Do You Nurture You Up and Comings?

Being a Mum of “switched on” teens can be challenging – particularly when you are working with organisations that just don’t get our youngsters are the key to the future.

So here’s my question – do you nurture your up and coming stars – or are you bound by “rules and regulations”?

Here’s my challenge, one of my youngsters was really keen to get involved in an enterprise that would allow them to create a recurring income stream that would, supposedly, last forever.  Yes, the system requires the ‘authorised person’ to be 18… I’m cool with that, it’s a legal thing and I’m prepared to enter into the agreement based on the fact that I’m the ‘front person’ and my teen will be the one who learns the system, presentations, benefits etc.  Essentially, I’m there as a coach…
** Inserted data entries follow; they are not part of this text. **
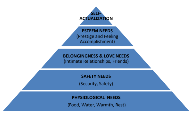
Figure: 1 (Maslow, 1943 in McLeod, 2018).

The theoretical framework of the study was hinged on the theory of Maslow's hierarchy of needs. Maslow (1943) in McLeod (2018), posited that the theory is a motivational theory that has five-steps model of human needs in hierarchical levels arranged within a pyramid. The needs at the lower levels in the pyramid must be satisfied first before individuals can think and move to attend to next needs at higher up in the hierarchy. From the bottom of the hierarchy upwards, the needs are: physiological, safety, belongingness & love, esteem and self-actualization as can be seen in figure 1.
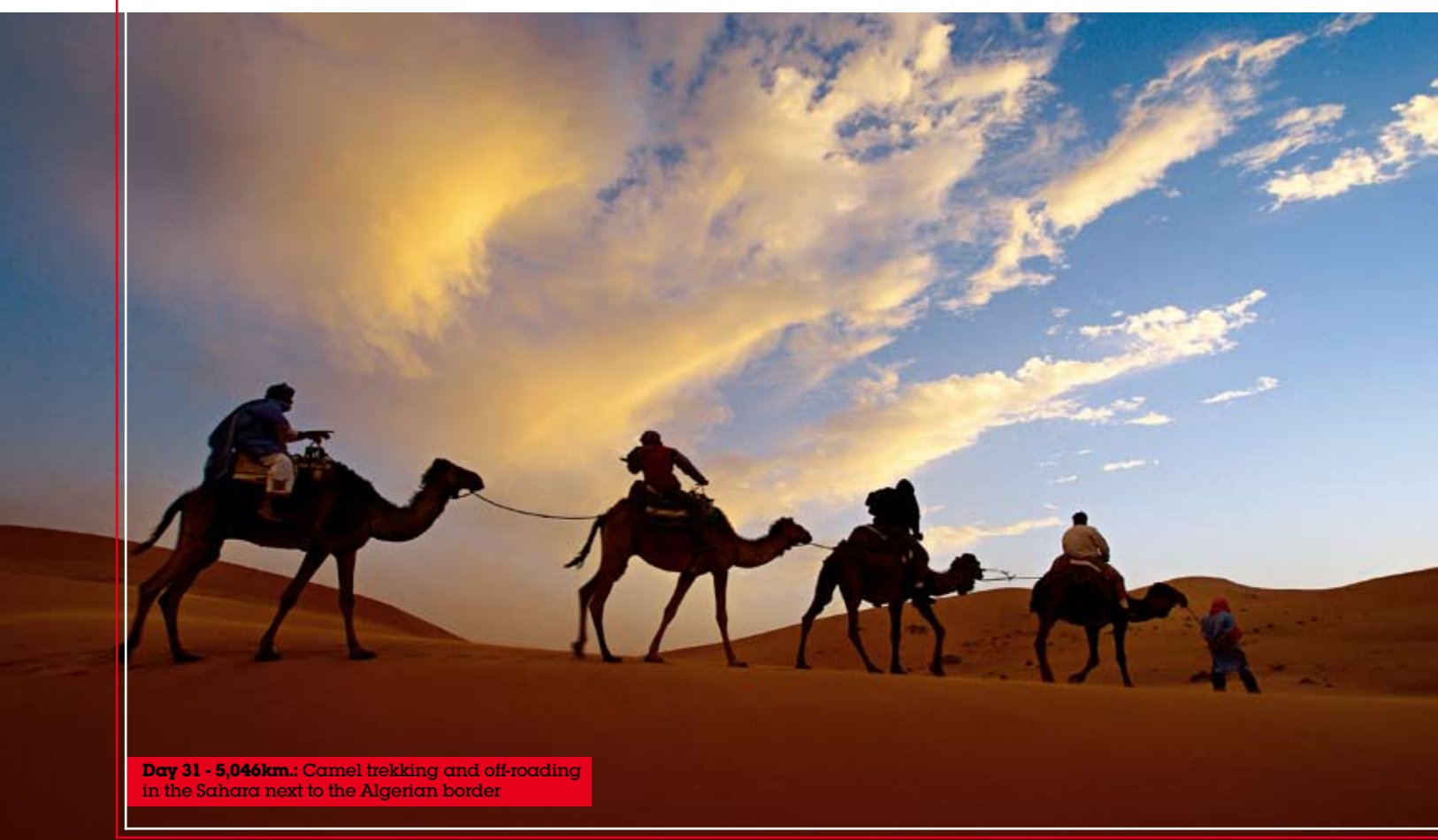
Day 31 - 5,046km.: Camel trekking and off-roading in the Sahara next to the Algerian border
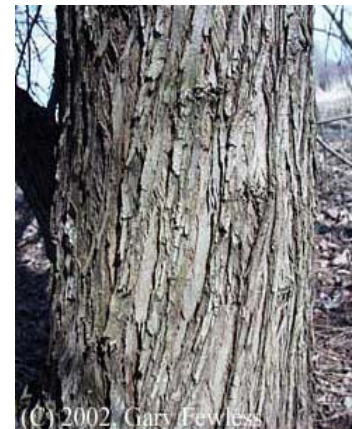
Gray, fibrous bark of autumn olive.
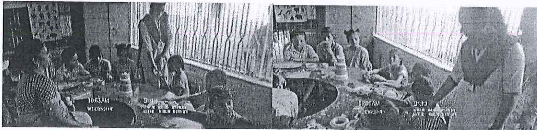
Services in Sirisha Rehabilitation Center
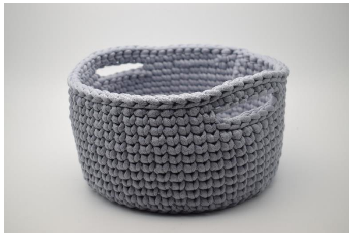
2. Cut the yarn and weave in ends.
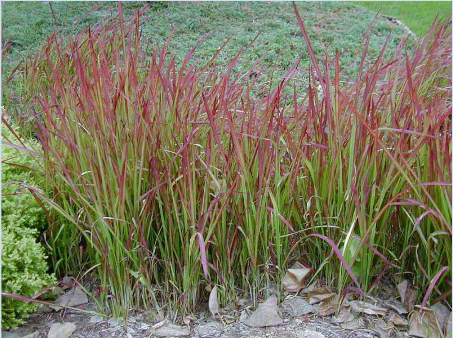
Imperata cylindrica ' Rubra ' (Japanese Blood Grass)

Great stuff!  Having been involved in a number of systems; this isn’t an issue – training is offered to the parties interested in the system and generally, all parties are welcomed – after all, you’re growing awareness and ensuring everyone is party to the correct system.

Mum and Daughter - supportI’m a massive advocate of young people who “want to change the world”.  Anyone who is interested enough to learn a system, promote the products and the system should be given the opportunity to do so – as long as they have an adult who can coach / mentor them.  By all means, make it a condition of attending training that the Adult must be present – but why would you destroy the enthusiasm of your up and coming business builders by saying “you’re not 18, you can’t attend”.

For heavens sake! This young person is exactly the type of person you want in your business – let’s look at some examples of young people who have done really well, despite ‘the rules’.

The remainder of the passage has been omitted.